RECORDS PROVIDED:

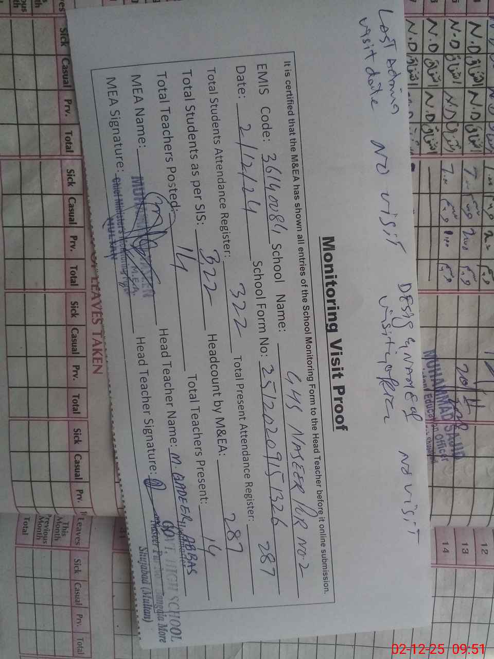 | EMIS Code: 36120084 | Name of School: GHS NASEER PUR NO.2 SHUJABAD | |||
* * *
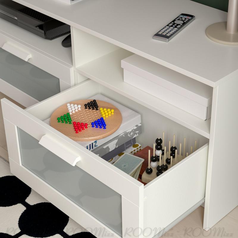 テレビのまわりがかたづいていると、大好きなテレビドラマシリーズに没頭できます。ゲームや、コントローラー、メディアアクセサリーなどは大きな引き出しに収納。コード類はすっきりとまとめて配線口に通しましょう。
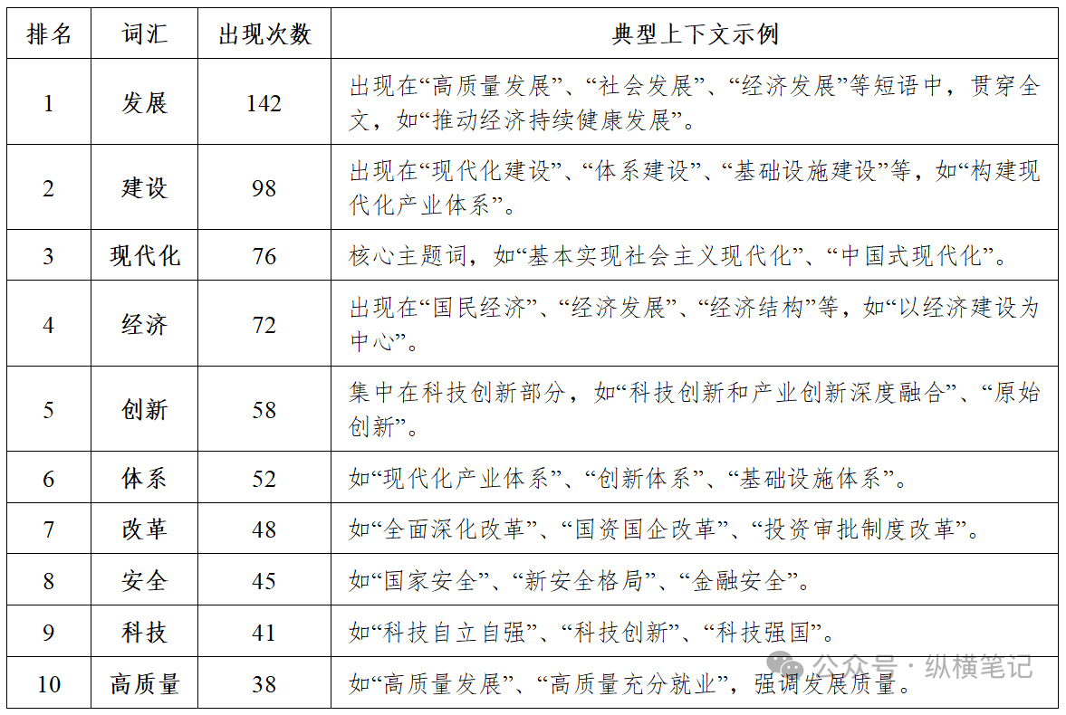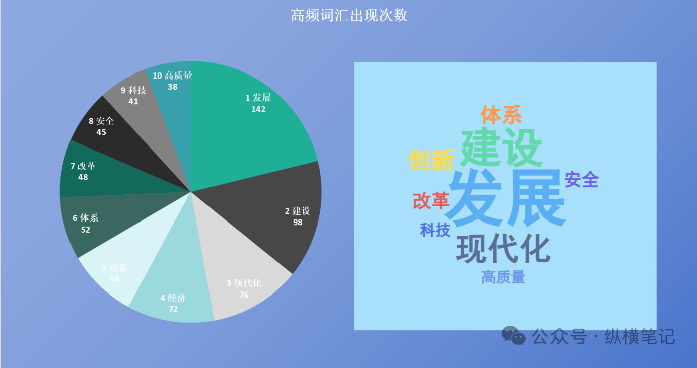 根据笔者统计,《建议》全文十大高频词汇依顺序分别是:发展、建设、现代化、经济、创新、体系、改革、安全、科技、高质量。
==
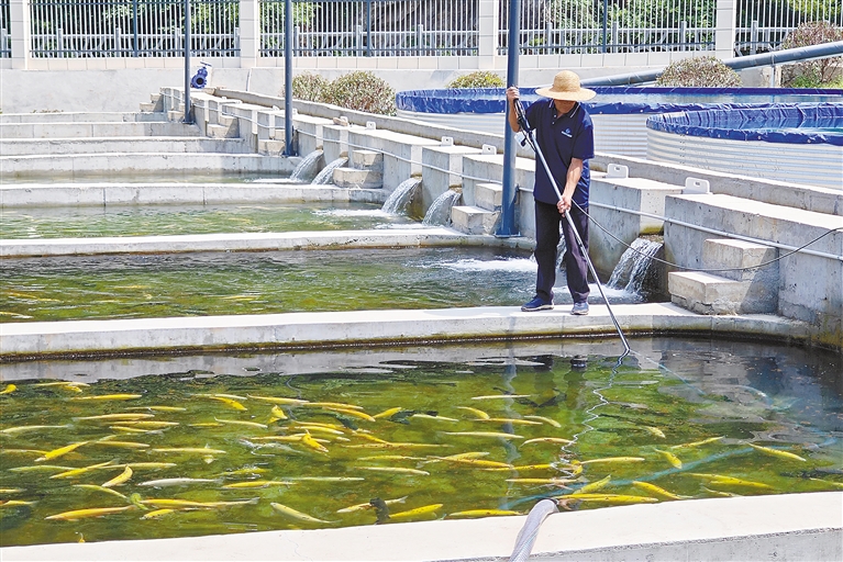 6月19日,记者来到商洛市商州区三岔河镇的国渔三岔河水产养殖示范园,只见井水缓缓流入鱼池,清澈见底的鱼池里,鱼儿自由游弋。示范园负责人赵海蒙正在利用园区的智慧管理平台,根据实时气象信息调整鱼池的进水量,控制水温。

WHAT YOU NEED TO DO: Starting at the line above that holds "テレビのまわりがかたづいてい", return each line up to and including the one that holds "根据笔者统计,《建议》全文十", exactly as written, minus any pictures.

FINISHED TASK:
 テレビのまわりがかたづいていると、大好きなテレビドラマシリーズに没頭できます。ゲームや、コントローラー、メディアアクセサリーなどは大きな引き出しに収納。コード類はすっきりとまとめて配線口に通しましょう。
 根据笔者统计,《建议》全文十大高频词汇依顺序分别是:发展、建设、现代化、经济、创新、体系、改革、安全、科技、高质量。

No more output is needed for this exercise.